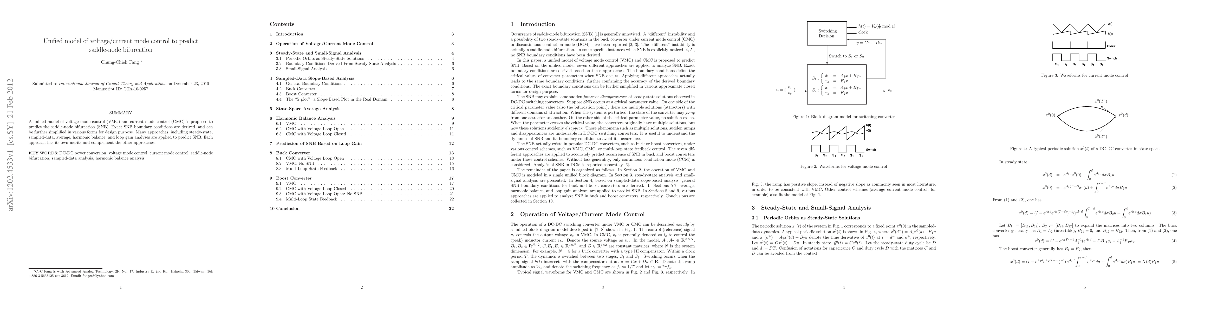 A unified model of voltage mode control (VMC) and current mode control (CMC) is proposed to predict the saddle-node bifurcation (SNB). Exact SNB boundary conditions are derived, and can be further simplified in various forms for design purpose. Many approaches, including steady-state, sampled-data, average, harmonic balance, and loop gain analyses are applied to predict SNB. Each approach has its own merits and complement the other approaches.
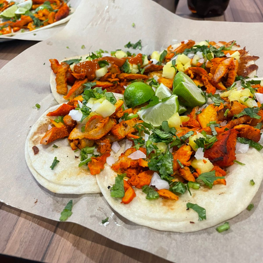 CARNE DE TROMPO AL PASTOR, SERVIDO CON CEBOLLA, CILANTRO Y PIÑA
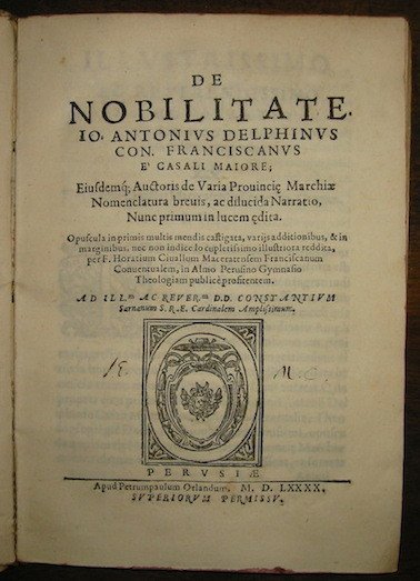 De nobilitate. Io. Antonius Delphinus con. franciscanus e Casali Maiore; eiusdemque auctoris De varia Provinciae Marchiae nomenclatura brevis, ac dilucida narratio, nunc primum in lucem aedita.
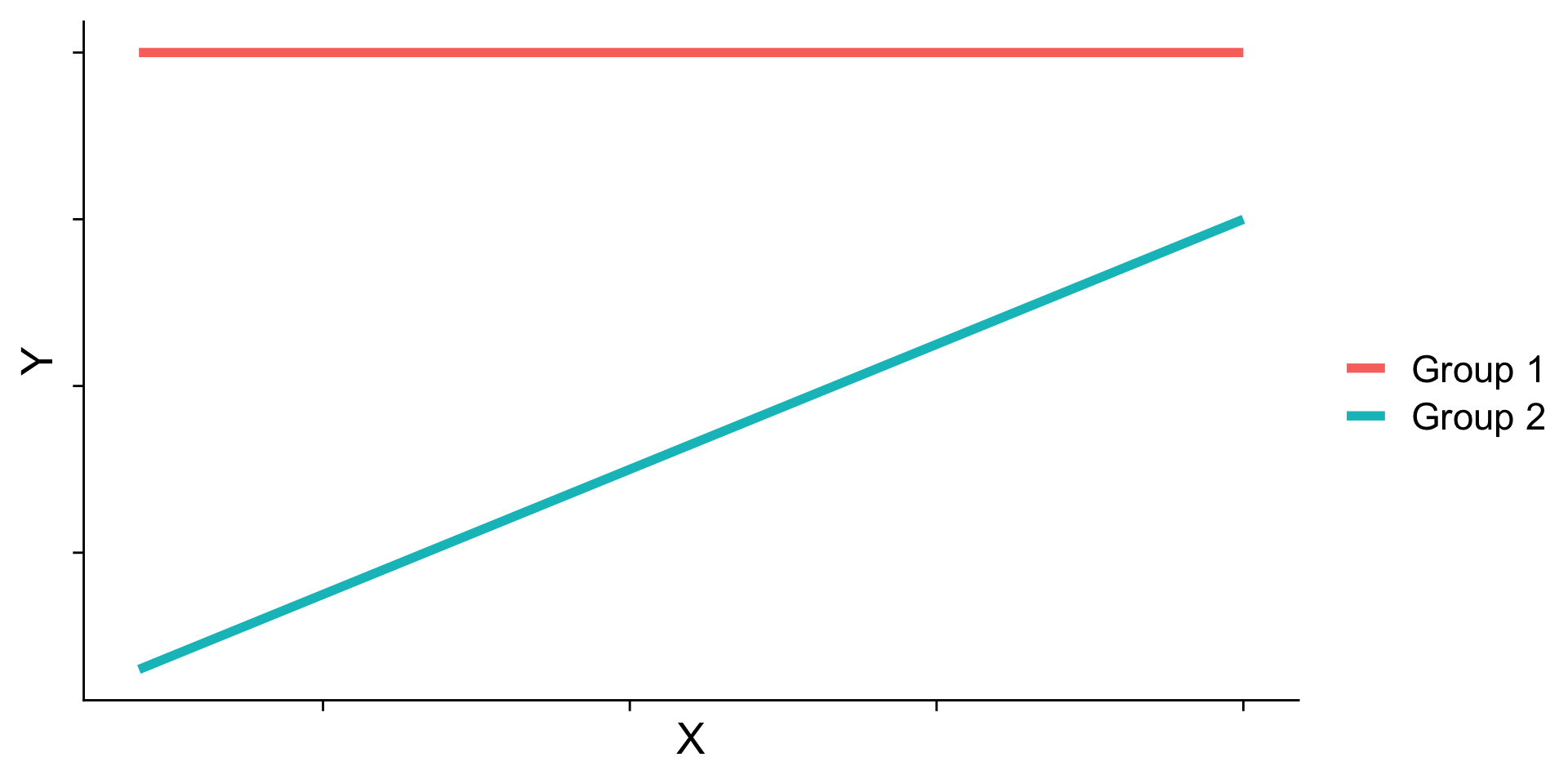 cowplot::theme_cowplot()When we have two variables, A and B, in a regression model, we are testing whether these variables have additive effects on our outcome, Y. That is, the effect of A on Y is constant over all values of B.
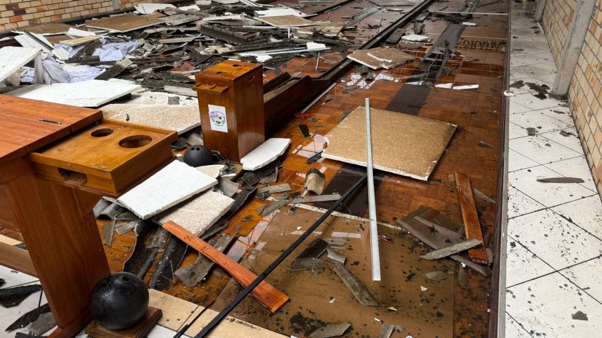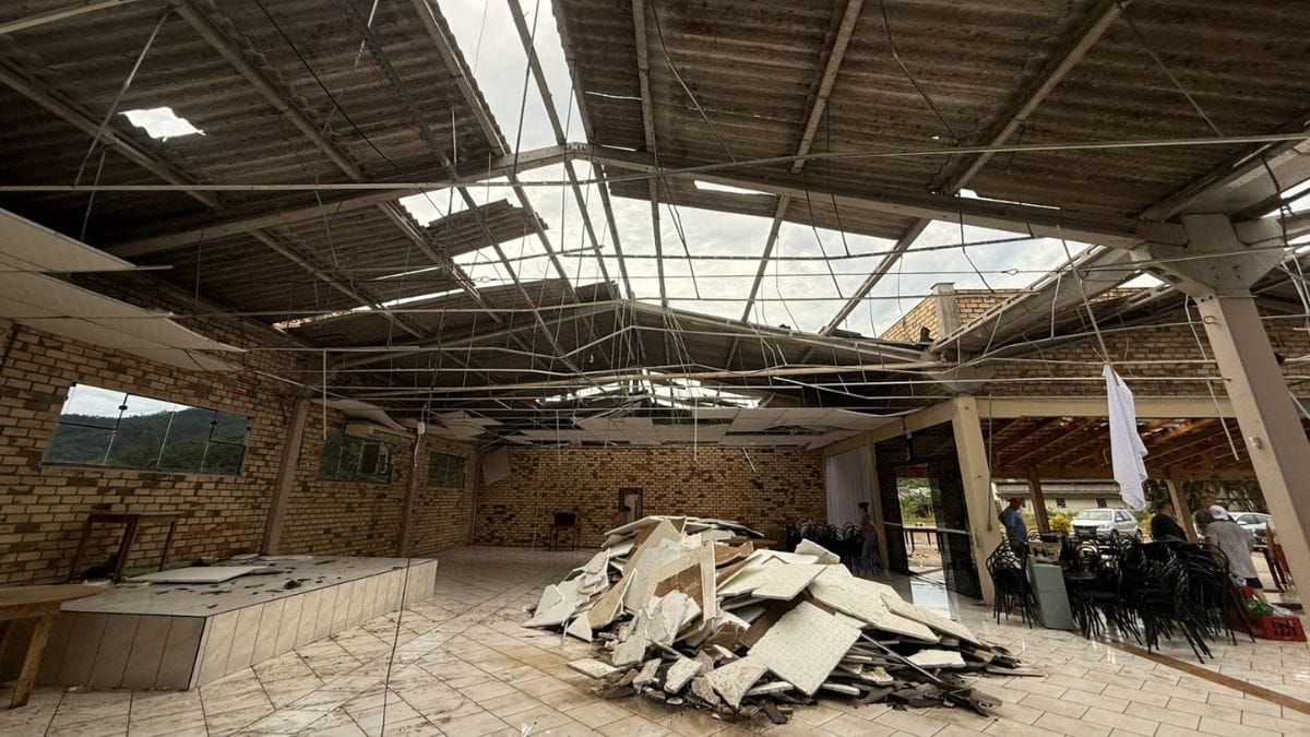 — Quando eu cheguei aqui tava tudo destruído já. Não sobrou nada em pé, sobrou só a parte da estrutura por fora. Mesas, cadeira, prataria quebrou bastante… Vento é a força da natureza, não tem o que fazer, né? Então, o estrago foi grande, o prejuízo foi bastante. Eu calculo em torno dos R$ 350 mil de prejuízo — conta.
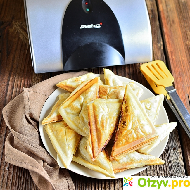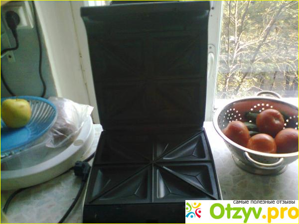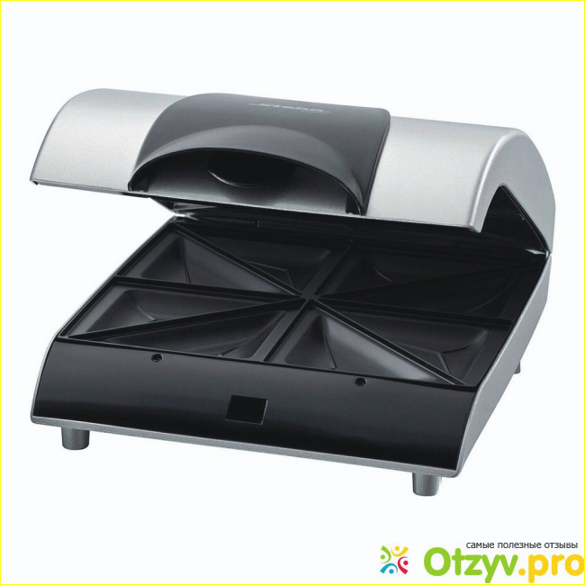 Ни каких других функций и настроек в такой модели прибора не имеется. Внутри прибора, как верхней так и нижней стороны находятся специальные пластины. Как раз они выполнены в виде треугольных сэндвичей. Единственным существенным недостатком такой модели является то, что у нет нет возможности менять сами пластины, как это можно сделать у мультипекаря Редмонд. В этом приборе пластины уже устроены.
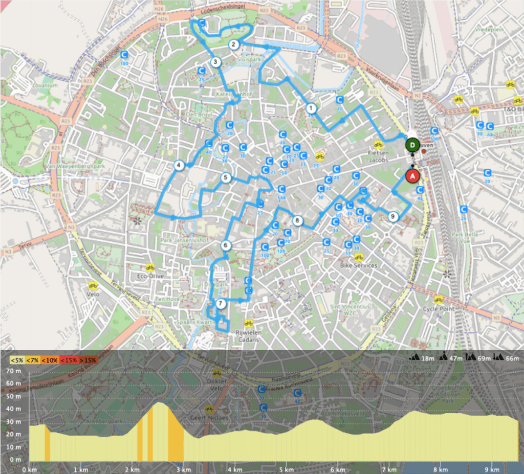 Point d’arrivée: Au niveau de la gare de train de Leuven, les deux parcours étant des boucles.

**Exercise details**:
Could the entries above be restated word for word, with the pictures left out?

**Answer area**:
 A unified model of voltage mode control (VMC) and current mode control (CMC) is proposed to predict the saddle-node bifurcation (SNB). Exact SNB boundary conditions are derived, and can be further simplified in various forms for design purpose. Many approaches, including steady-state, sampled-data, average, harmonic balance, and loop gain analyses are applied to predict SNB. Each approach has its own merits and complement the other approaches.
 CARNE DE TROMPO AL PASTOR, SERVIDO CON CEBOLLA, CILANTRO Y PIÑA
 De nobilitate. Io. Antonius Delphinus con. franciscanus e Casali Maiore; eiusdemque auctoris De varia Provinciae Marchiae nomenclatura brevis, ac dilucida narratio, nunc primum in lucem aedita.
 cowplot::theme_cowplot()When we have two variables, A and B, in a regression model, we are testing whether these variables have additive effects on our outcome, Y. That is, the effect of A on Y is constant over all values of B.
 — Quando eu cheguei aqui tava tudo destruído já. Não sobrou nada em pé, sobrou só a parte da estrutura por fora. Mesas, cadeira, prataria quebrou bastante… Vento é a força da natureza, não tem o que fazer, né? Então, o estrago foi grande, o prejuízo foi bastante. Eu calculo em torno dos R$ 350 mil de prejuízo — conta.
 Ни каких других функций и настроек в такой модели прибора не имеется. Внутри прибора, как верхней так и нижней стороны находятся специальные пластины. Как раз они выполнены в виде треугольных сэндвичей. Единственным существенным недостатком такой модели является то, что у нет нет возможности менять сами пластины, как это можно сделать у мультипекаря Редмонд. В этом приборе пластины уже устроены.
 Point d’arrivée: Au niveau de la gare de train de Leuven, les deux parcours étant des boucles.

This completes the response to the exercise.